> **Work order**
The pictures are to be left out, and all remaining data is to be transcribed exactly as it appears.

> **Provided data**
- - - -

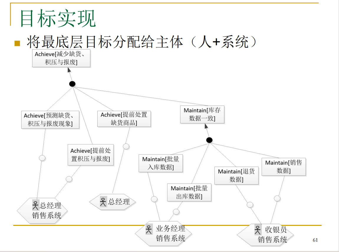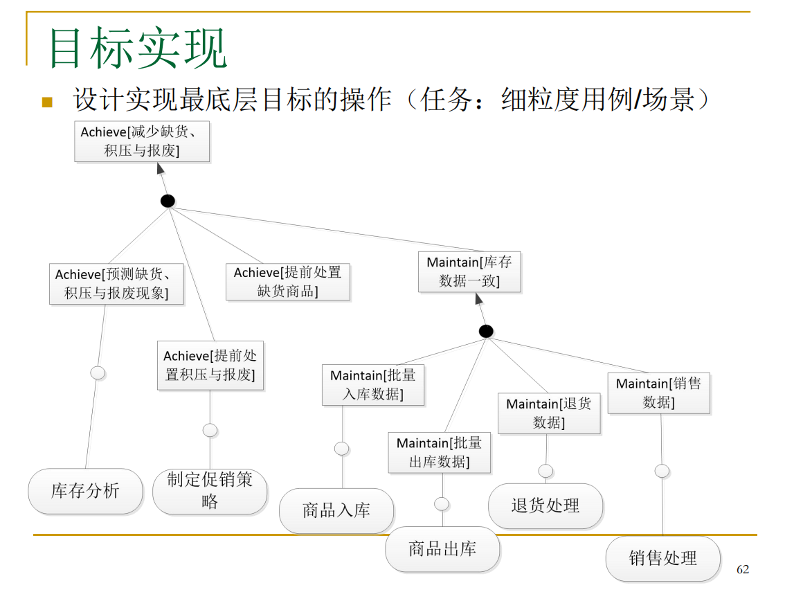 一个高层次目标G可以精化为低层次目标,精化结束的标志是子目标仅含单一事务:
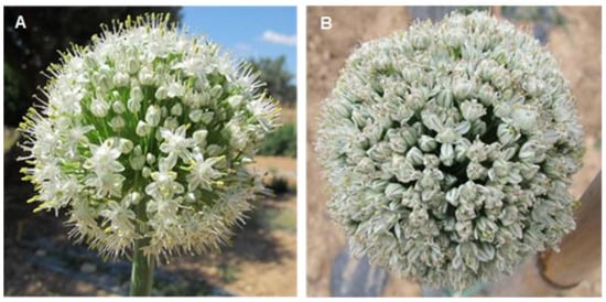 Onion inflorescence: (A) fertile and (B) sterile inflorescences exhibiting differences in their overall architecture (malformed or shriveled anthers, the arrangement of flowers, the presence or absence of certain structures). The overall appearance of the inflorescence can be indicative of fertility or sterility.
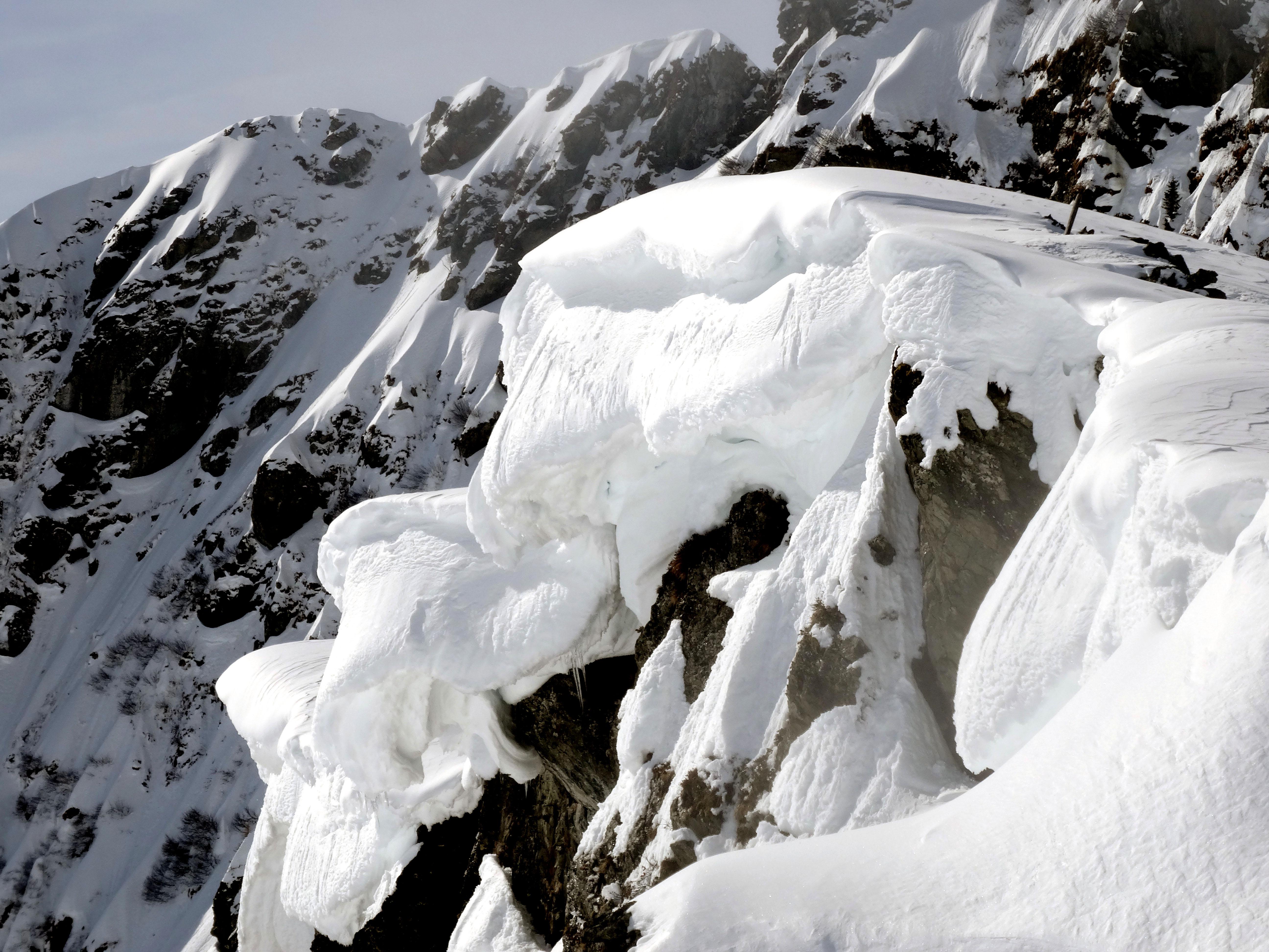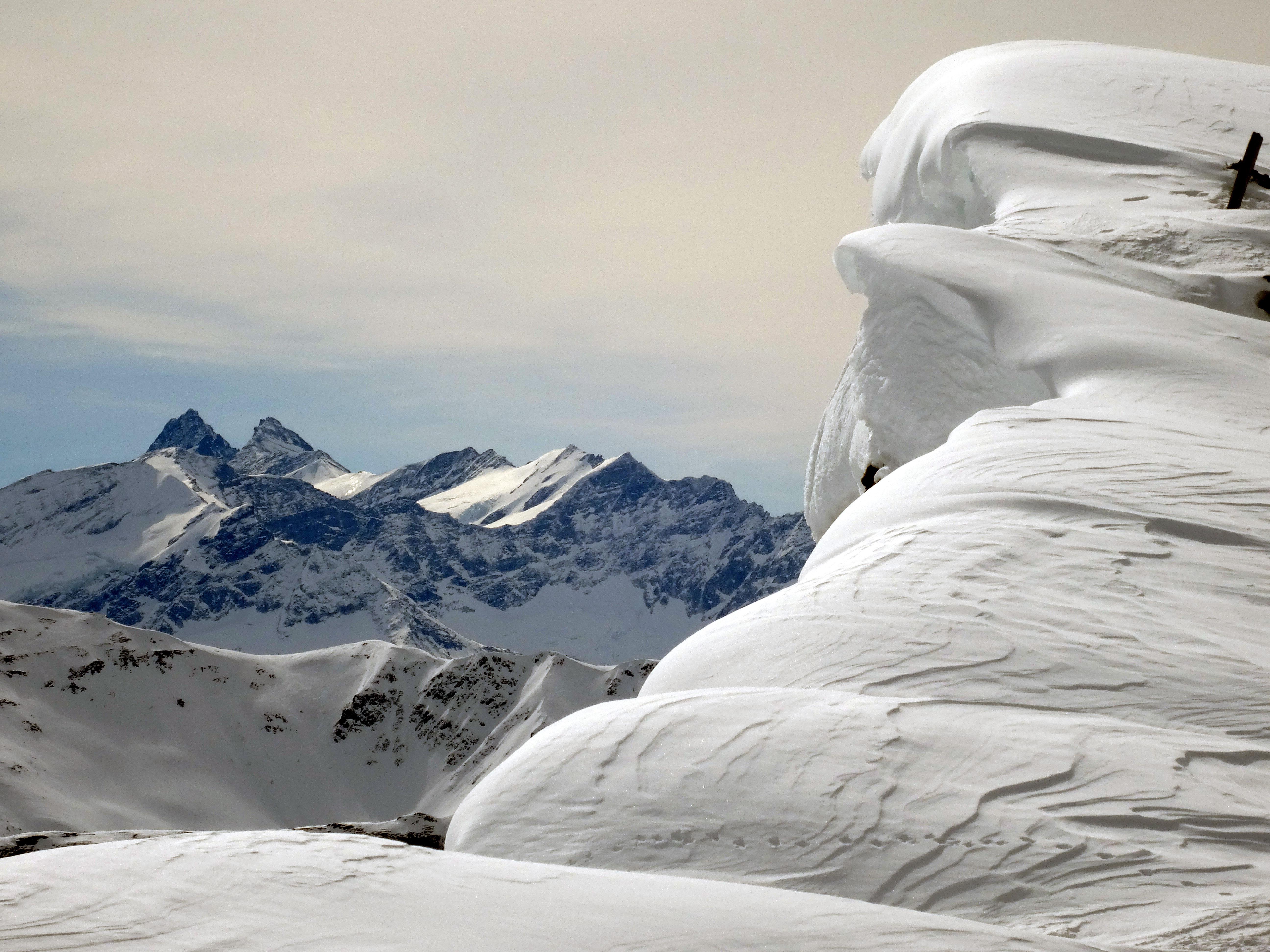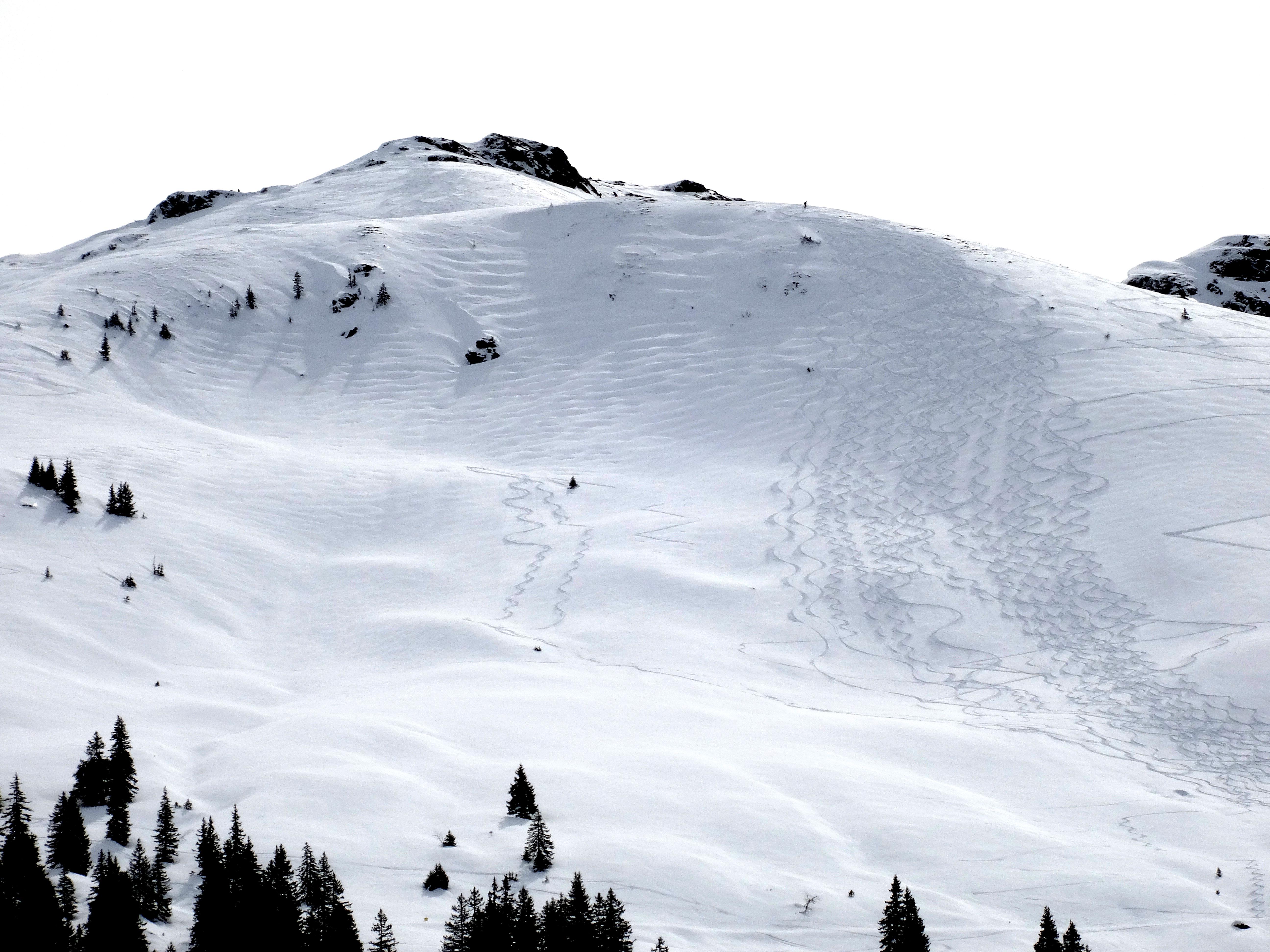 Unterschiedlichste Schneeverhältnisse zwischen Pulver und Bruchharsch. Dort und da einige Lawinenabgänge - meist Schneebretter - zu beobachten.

- - - -

> **Answer for the task**
 一个高层次目标G可以精化为低层次目标,精化结束的标志是子目标仅含单一事务:
 Onion inflorescence: (A) fertile and (B) sterile inflorescences exhibiting differences in their overall architecture (malformed or shriveled anthers, the arrangement of flowers, the presence or absence of certain structures). The overall appearance of the inflorescence can be indicative of fertility or sterility.
 Unterschiedlichste Schneeverhältnisse zwischen Pulver und Bruchharsch. Dort und da einige Lawinenabgänge - meist Schneebretter - zu beobachten.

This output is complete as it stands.